5

In today's bridge column, this example was given:

North opened with one diamond. East doubled with (s) Qxx (h)AQxx (d) x (c) ATxxx.

This double technically met my 14 point requirement (12 for high card points, 2 for the singleton in the opposing suit). But I would have refrained from it for two reasons:

1) I have only Qxx in the spade suit. 2) My strongest suit is clubs, which partner would have to bid at the two level.

Upgrade the spade suit to Kxx, or Qxxx, and I would double. Or switch the diamonds and clubs, so that I was doubling with a singleton club and Axxxx in diamonds.
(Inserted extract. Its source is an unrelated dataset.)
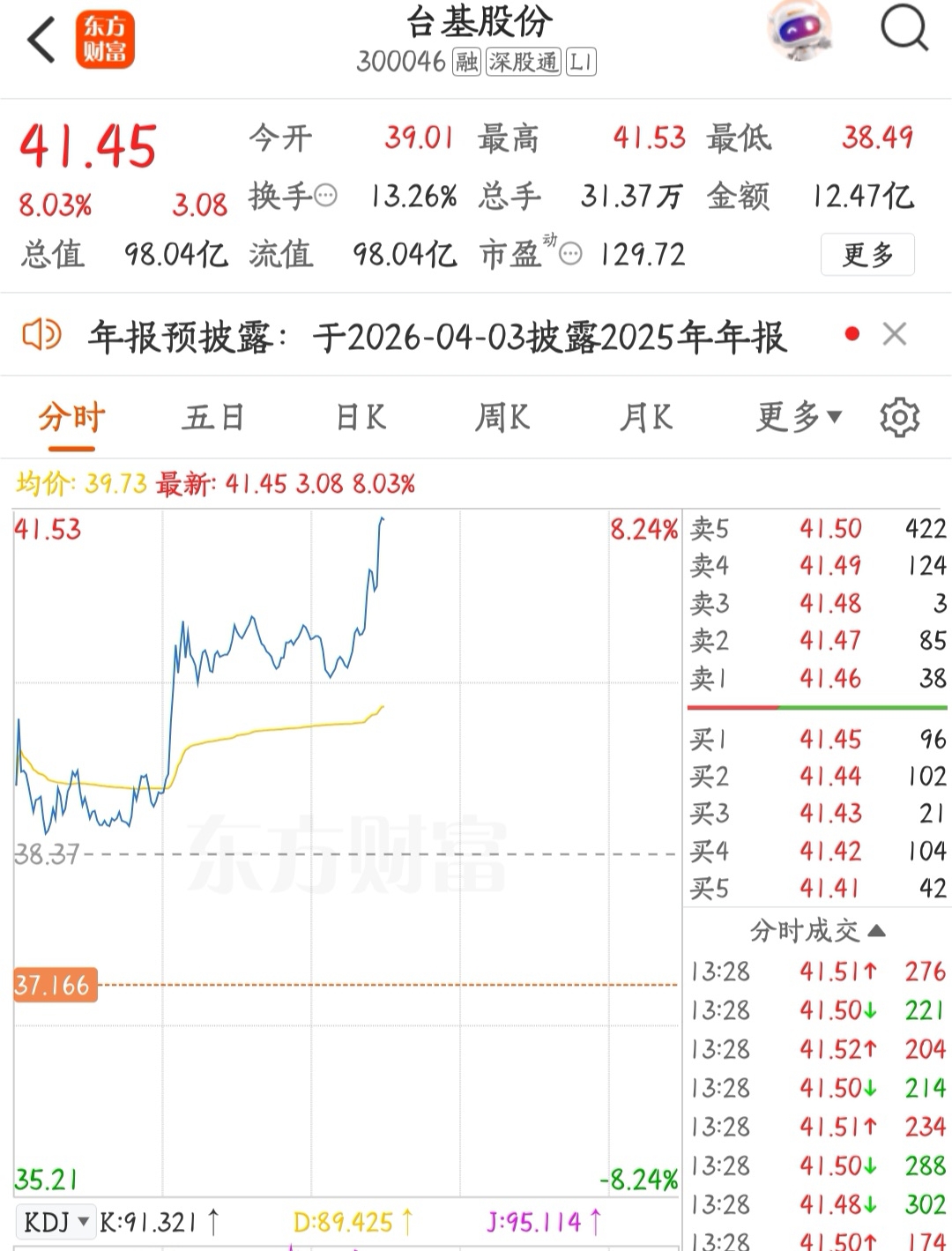 $台基股份(SZ300046)$ 前天出豆神入台基,刚好赶上

North and South bid to four spades. East West took the KA of clubs, and the ace of hearts. But then South's game depended on two "two way finesses" in spades and diamonds. From the double, he could infer that East did NOT have the Q of diamonds, and he DID have the Q of spades. Meaning that the double gave away crucial information (and the spade suit was too weak to withstand a finesse).
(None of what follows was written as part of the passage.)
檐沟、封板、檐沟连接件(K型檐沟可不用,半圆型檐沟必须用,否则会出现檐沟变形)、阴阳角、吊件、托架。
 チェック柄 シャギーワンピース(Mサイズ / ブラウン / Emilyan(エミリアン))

Here's another example of what I mean.

In Bridge, Do You Count Defensive Points In the Opponents' Suit When Making a Takeout Double?

In such cases, should one avoid making a takeout double using this level of "granularity"?

2

You state in your title question:

... in borderline situations

This is inaccurate. This hand is far from being a borderline takeout double for several reasons:

  • I would still Double with Heart Q replaced by Heart T, even Vulnerable against Not - but that would be a borderline double.
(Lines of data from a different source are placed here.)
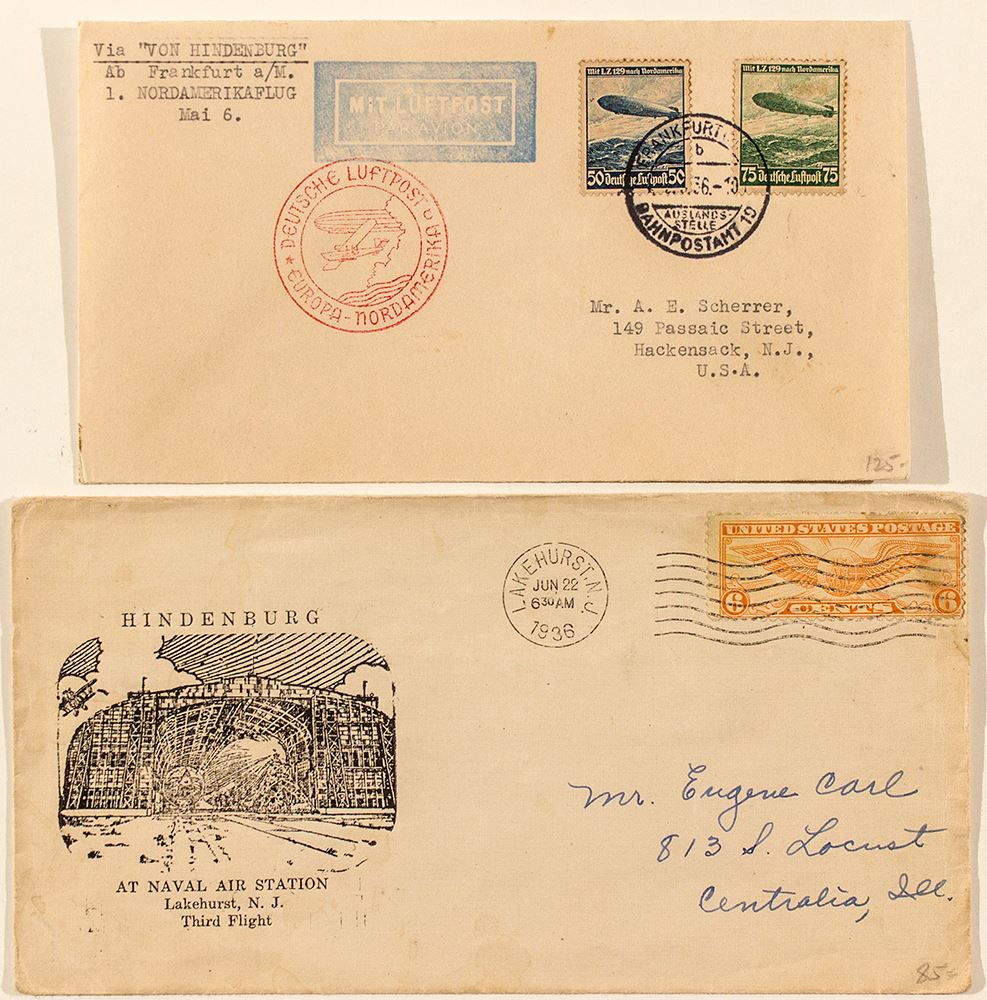 1) Hindenburg at Naval Air Station, Lakehurst N. J. Third flight. June 22, 1938. After the Hindenburg accident. 2) German. "Via 'Von Hindenburg, Ab Frankfurt a/M., 1. Nordamerikaflug." May 1936. This would have been mailed during one of the Hindenburg's 10 trips to the United States and back. (Prag collection)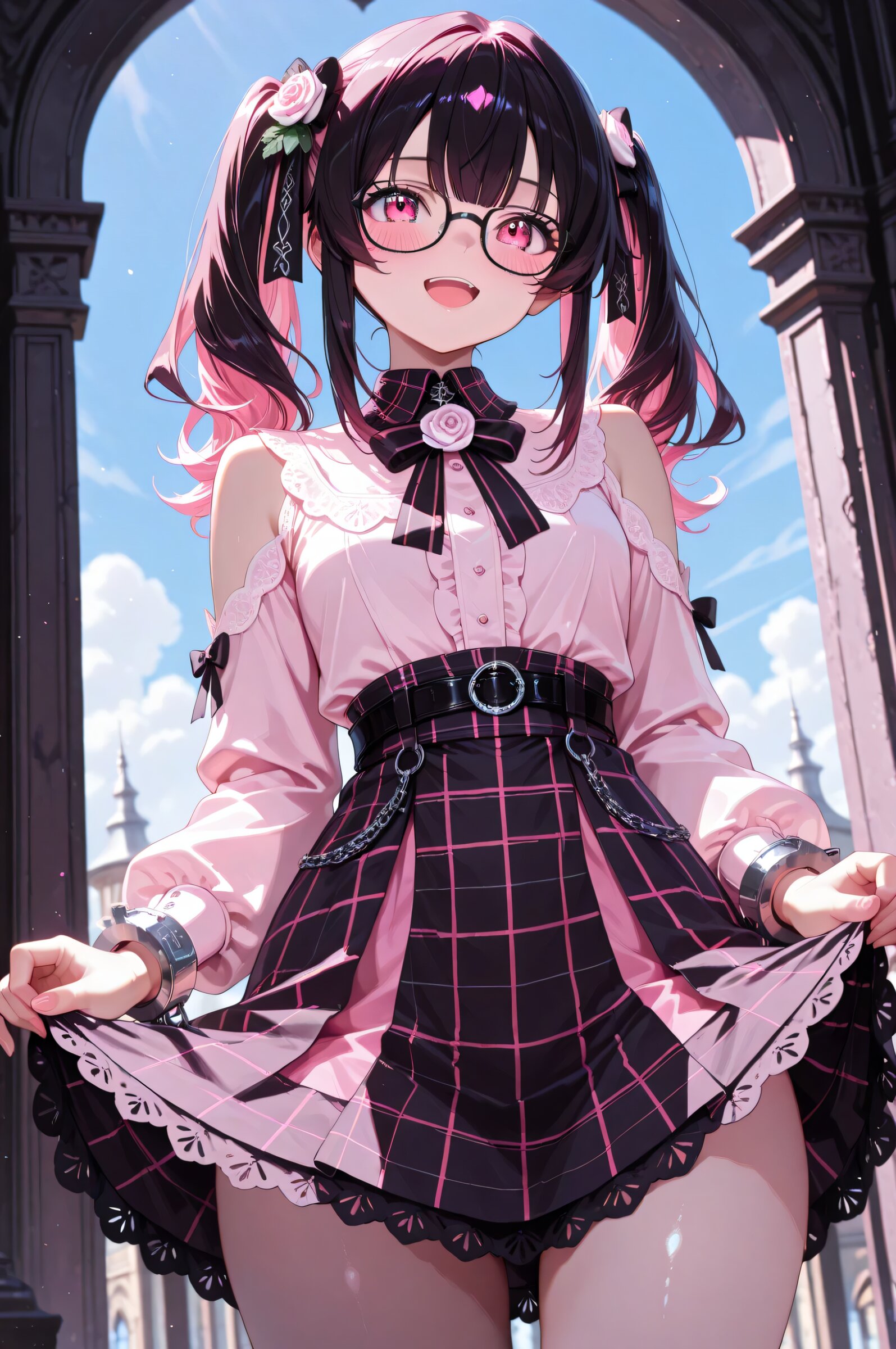 absurd, high definition, masterpiece, Highest Quality, great quality.cinematic angle.best eyes,1 girl, solo,"sera",cute face,open mouth,blush,healthy skin,dark pink eyes,black frame glasses,twin tails,black long hair with pastel pink inner color;white Dusty rose long-sleeve blouse with cascading ruffle panels along shoulders and front yoke, lace-trimmed cutout shoulders, and cuffed sleeves finished with pintuck detailing; detachable black grosgrain ribbon bow at collar; high-waisted black-and-white plaid tiered mini skirt, a built-in black belt featuring a silver O-ring buckle, and flounced hem panels; blue sky.smile,skirt lift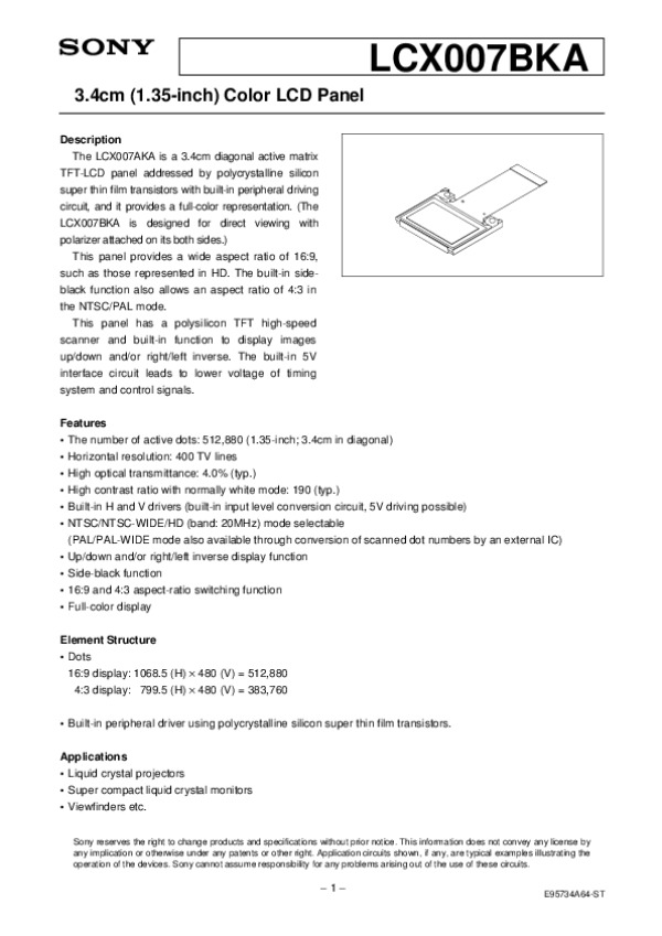 Datasheet LCX007BKA: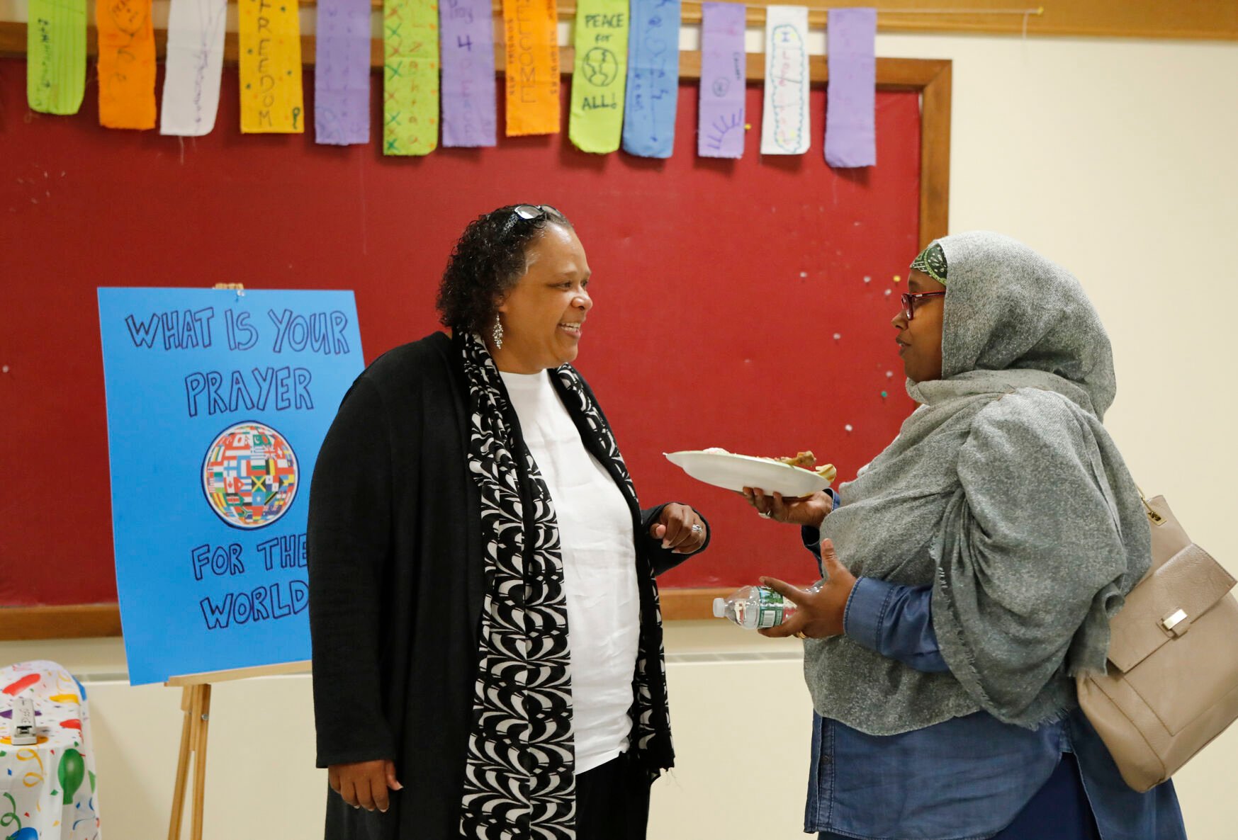 Regina Phillips, left, speaks with Deqa Dhalac, right, at an Eid-al-Fitr celebration on July 9, 2016, in Westbrook, Maine.

  • You have the short Diamonds. It is likely that partner has both too many diamonds and insufficient HCP to balance, so it is imperative you act to get your side into what is likely to be a competitive auction.

  • Qxx in Spades is not a deficient holding. It is quite sufficient, especially when you have a strong 4-card holding in Hearts.

  • With both majors Partner will bid Hearts before Spades, which is your preference. The heart suit is likely lost to your side if you fail to Double.

These points are all strong pluses to the given hand, suggesting action rather than inaction.

  • Interesting analysis. My response: 1) I would pass with ATxx in hearts in your example, but today, seven years later, I would double with AJxx in hearts. 2) I still consider Qxx in spades "deficient" (opposite e.g. xxxx) but the strength of the heart suit makes up for it. Change the hand to (s) AJxx (h) Qxx (d)x (c) ATxxx and I might pass. 3) Suits matter to me. I am uncomfortable with the fact that a disproportionate part of my strength is in clubs, and would therefore pass hands with X strength, that I would otherwise double with if strength were better distributed. – Tom Au May 16 at 16:54
  • @TomAu: I strong side suit, which correctly describes the Club suit in this hand, is an asset in both trump and no-trump contracts. In the latter it provides an alternative means to retain control by potentially forcing out a late opposing boss trump. Absolutely do not deprecate a hand because that side suit is a minor. – Forget I was ever here May 16 at 18:56
8

This is in part a matter of style, but I would happily make a takeout double with that hand. In my experience (which I think agrees with prevailing expert opinion), it is better to be aggressive in competitive bidding at low levels, and get more cautious when the bidding reaches the 3 level.

Advantages to bidding:

  • You have the opportunity to find a contract for your side
  • You interfere with the opponents' bidding, giving them a chance to make a mistake and making it harder for them to use their conventions (though this is not a big factor for takeout doubles)
  • You give partner information which may be useful on defense

Disadvantages:

  • You may end up in an impossible contract and go down badly (perhaps doubled)
  • You give the opponents information which they can use if they win the contract (as happened in this case)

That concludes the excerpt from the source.